_ACTIVITY_
Below are entries. Give back exactly the lines from the one containing "白レース後ろビジューパンプスS" through the one containing "Top de tejido", inclusive, without the pictures.

_SOURCE INFORMATION_
=====
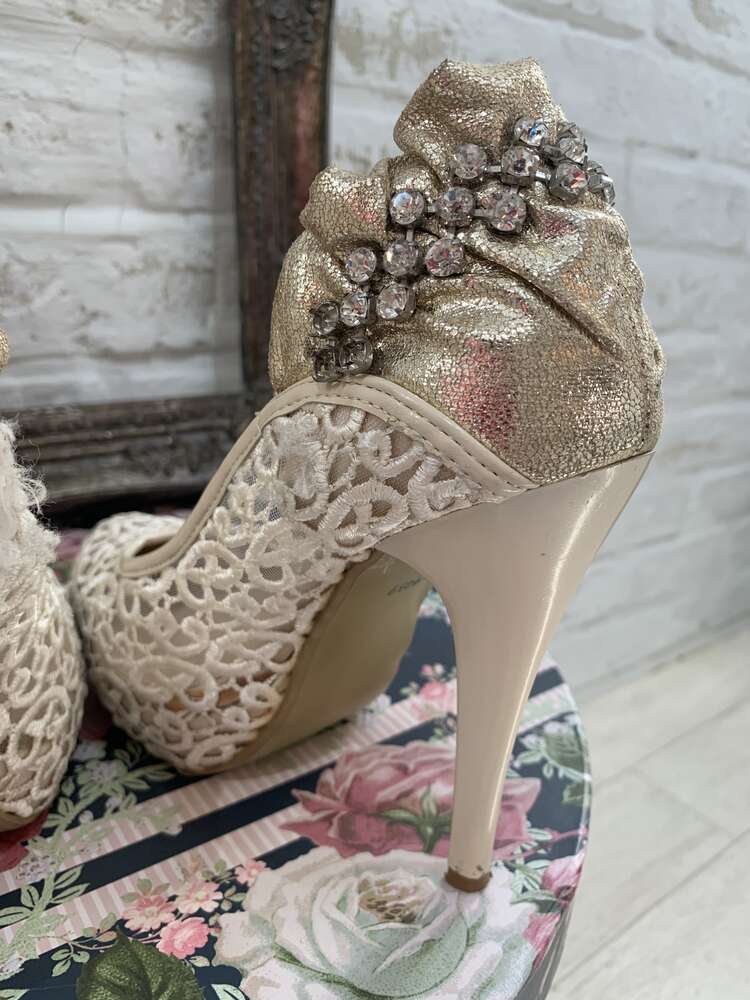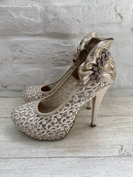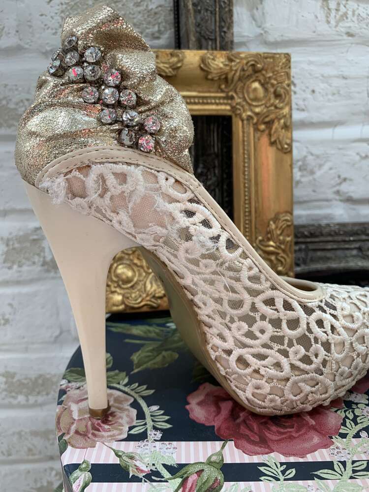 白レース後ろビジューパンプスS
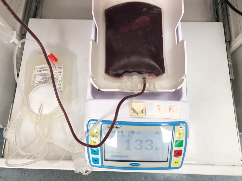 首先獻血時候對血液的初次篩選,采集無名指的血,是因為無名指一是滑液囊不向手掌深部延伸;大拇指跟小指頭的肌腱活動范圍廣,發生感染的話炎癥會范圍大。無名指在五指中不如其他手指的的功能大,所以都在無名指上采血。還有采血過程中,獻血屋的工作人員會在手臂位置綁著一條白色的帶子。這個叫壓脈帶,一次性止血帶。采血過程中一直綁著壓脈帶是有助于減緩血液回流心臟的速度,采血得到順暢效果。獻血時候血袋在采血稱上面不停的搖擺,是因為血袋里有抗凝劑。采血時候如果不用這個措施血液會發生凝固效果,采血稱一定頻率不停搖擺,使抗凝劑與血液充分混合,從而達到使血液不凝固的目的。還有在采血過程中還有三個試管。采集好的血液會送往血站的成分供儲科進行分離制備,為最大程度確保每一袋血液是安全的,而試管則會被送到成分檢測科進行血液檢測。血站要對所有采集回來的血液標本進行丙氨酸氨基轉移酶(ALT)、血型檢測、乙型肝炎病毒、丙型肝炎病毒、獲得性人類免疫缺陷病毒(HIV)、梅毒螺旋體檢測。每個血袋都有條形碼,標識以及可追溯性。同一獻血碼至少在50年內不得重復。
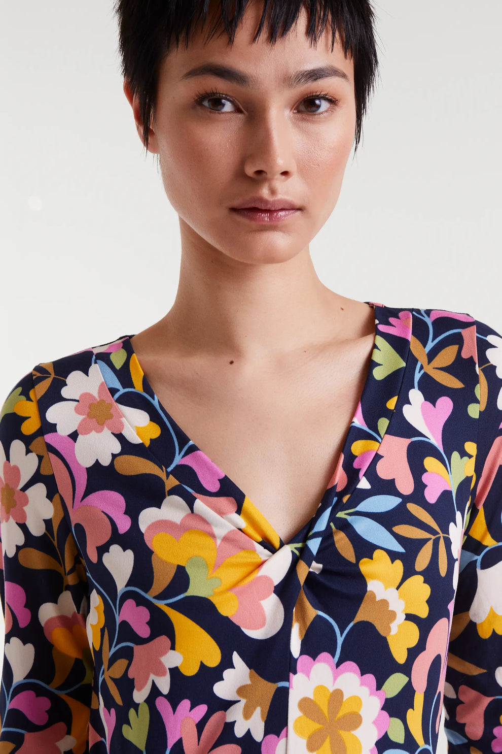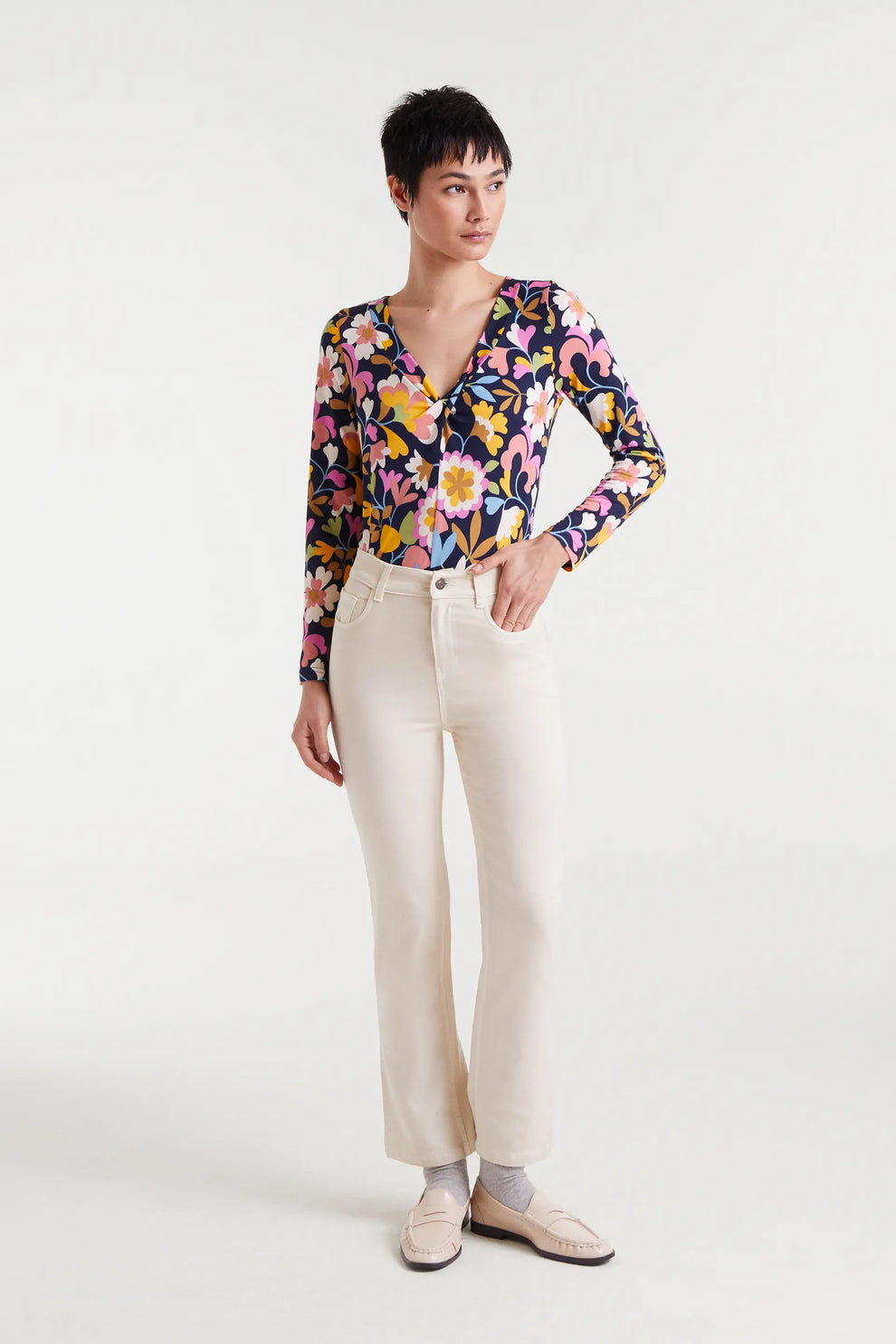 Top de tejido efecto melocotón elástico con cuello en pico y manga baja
=====
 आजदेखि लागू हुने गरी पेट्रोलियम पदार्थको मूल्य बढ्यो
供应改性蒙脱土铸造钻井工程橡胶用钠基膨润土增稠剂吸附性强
=====
_EXERCISE OUTPUT_
 白レース後ろビジューパンプスS
 首先獻血時候對血液的初次篩選,采集無名指的血,是因為無名指一是滑液囊不向手掌深部延伸;大拇指跟小指頭的肌腱活動范圍廣,發生感染的話炎癥會范圍大。無名指在五指中不如其他手指的的功能大,所以都在無名指上采血。還有采血過程中,獻血屋的工作人員會在手臂位置綁著一條白色的帶子。這個叫壓脈帶,一次性止血帶。采血過程中一直綁著壓脈帶是有助于減緩血液回流心臟的速度,采血得到順暢效果。獻血時候血袋在采血稱上面不停的搖擺,是因為血袋里有抗凝劑。采血時候如果不用這個措施血液會發生凝固效果,采血稱一定頻率不停搖擺,使抗凝劑與血液充分混合,從而達到使血液不凝固的目的。還有在采血過程中還有三個試管。采集好的血液會送往血站的成分供儲科進行分離制備,為最大程度確保每一袋血液是安全的,而試管則會被送到成分檢測科進行血液檢測。血站要對所有采集回來的血液標本進行丙氨酸氨基轉移酶(ALT)、血型檢測、乙型肝炎病毒、丙型肝炎病毒、獲得性人類免疫缺陷病毒(HIV)、梅毒螺旋體檢測。每個血袋都有條形碼,標識以及可追溯性。同一獻血碼至少在50年內不得重復。
 Top de tejido efecto melocotón elástico con cuello en pico y manga baja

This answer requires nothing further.